The cytocompatibility of the Ti–Zr alloys was evaluated in the MG63 osteoblast cell line. This line was originally isolated from human osteosarcoma, and retains the osteogenic characteristics along with the advantage of unlimited growth [44]. In recent years, they have completely replaced osteoblasts for analyzing the cytotoxicity of biomaterials in vitro [45]. However, in the study of cell morphology and osteogenic differentiation, MSCs cells with differentiation potential have more advantages [46]. The alloys were highly conducive to the survival and proliferation of MG63 cells, which is consistent with the general biosafety of Zr [47]. Cell adhesion to the implant surface is crucial for the subsequent growth, differentiation, and migration [48]. We found that the MG63 cells adhered to, spread and rapidly proliferated on the alloy surfaces. Consistent with our results, Saldana et al. also showed [49] that osteoblasts can attach to coarse-grain or fine-grain Zr surfaces, and subsequently spread, proliferate, differentiate, and mature to a similar extent as on the Ti6Al4V alloy. Furthermore, the ZnO2 film can also promote cellular adhesion, proliferation, and differentiation [50], thus underscoring the suitability of Ti–Zr alloys as surfaces for osteoblast growth [51]. The differentiation of osteoblasts into mature osteocytes involves proliferation, extracellular matrix maturation, and matrix mineralization. Integrin β1 and COL1 α-1 levels were similar across all groups during osteoblastic adhesion and early proliferation. In contrast, the osteogenic markers (Ki67, ALP, Cbf α1, and OC) were significantly upregulated in the late proliferation and maturation stages of osteoblast differentiation on cpTi and Ti–45Zr, whereas the alloys with higher Zr content showed stronger osteogenic activity, which could be attributed to the superior osteo-inductivity of Zr. A recent study showed that ZrO2 and Zr ions promoted the proliferation and differentiation of human osteoblasts in vitro [52, 53].

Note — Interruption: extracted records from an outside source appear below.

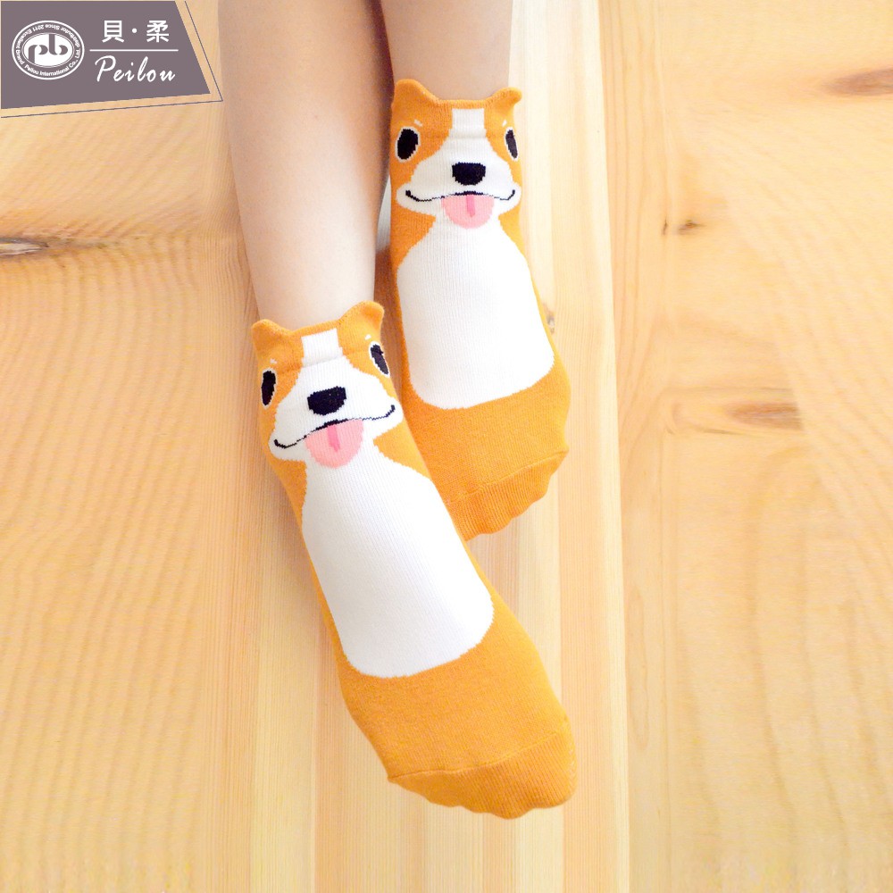 貝柔趣味立體止滑童短襪-柴犬(單雙)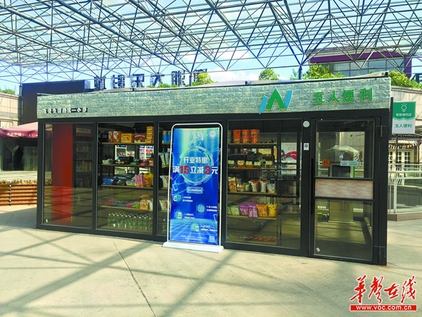 7月23日,记者来到位于长沙高新区天元七彩mall露天顶层的“五人”便利店,体验了长沙新兴的无人零售。这是一个20平方米左右的透明玻璃房子,给人的第一印象是时尚感与科技感爆棚。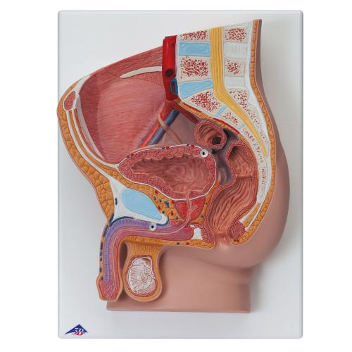 The male pelvis anatomy model is shown in median section. One half of male genital organs with bladder is shown at the normal position in the male pelvis. The rectum is removable for a more detailed study of the male pelvic anatomy. This high quality anatomy model is delivered on baseboard offering the possibility to be mounted to the wall.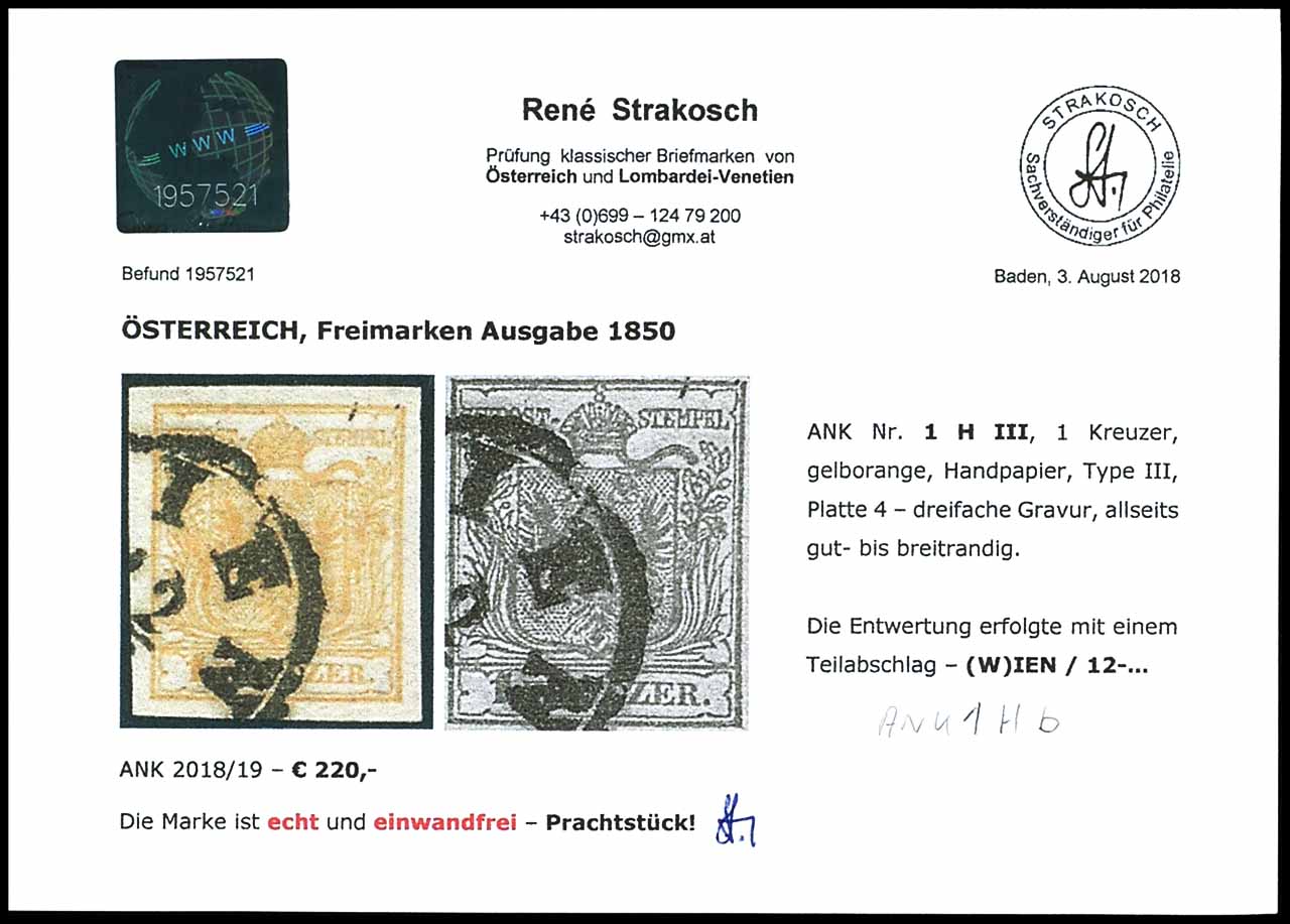 1 Kreuzer Wappenzeichnung, gelborange, Handpapier, Ferchenbauer Type III Platte 4, allseits vollrandig, entwertet mit Stempelabschlag "(W)IEN 12...", tadellose Erhaltung, Bleistiftnotation, violettes Zeichen, Fotobefund Rene Strakosch (2018), "echt und einwandfrei", ANK 220.-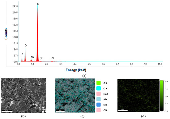 Figure 8 presents the data related to the aluminum material used as an electrode during the processing of Al/SiC/Gr composite. Figure 8a provides the EDS plot, which verifies the presence of aluminum with a peak of it. Other confirmed elements in the material are carbon, oxygen, sodium, silicon, and calcium. The microstructure captured for the analysis of elements is provided in Figure 8b. The elemental mapping of all the elements present in the material is shown in Figure 8c. However, the mapping of individual elements is provided in Figure 8d (carbon), Figure 8e (oxygen), Figure 8f (sodium), Figure 8g (aluminum), Figure 8h (silicon), and Figure 8i (calcium). As this is the elemental mapping of aluminum, Figure 7g shows a great volume of aluminum.

To summarize, Ti–xZr alloys have superior biomechanics compared to cpTi with high tensile strength and low elastic modulus, along with similar biocompatibility, which can reduce implant stress shielding and improve longevity. Ti–45Zr in particular showed the optimum strength/elastic modulus ratio and osteogenic activity, and is therefore a promising alternative to cpTi as a dental implant.

5 Conclusion

The Ti–xZr (x = 5, 15, 25, 35, 45 wt%) alloys are stable and do not adversely affect osteoblast adhesion and proliferation in vitro. Ti–45Zr showed excellent cytocompatibility and osteogenic activity comparable to that of pure Ti. indicating its potential as a dental implant material.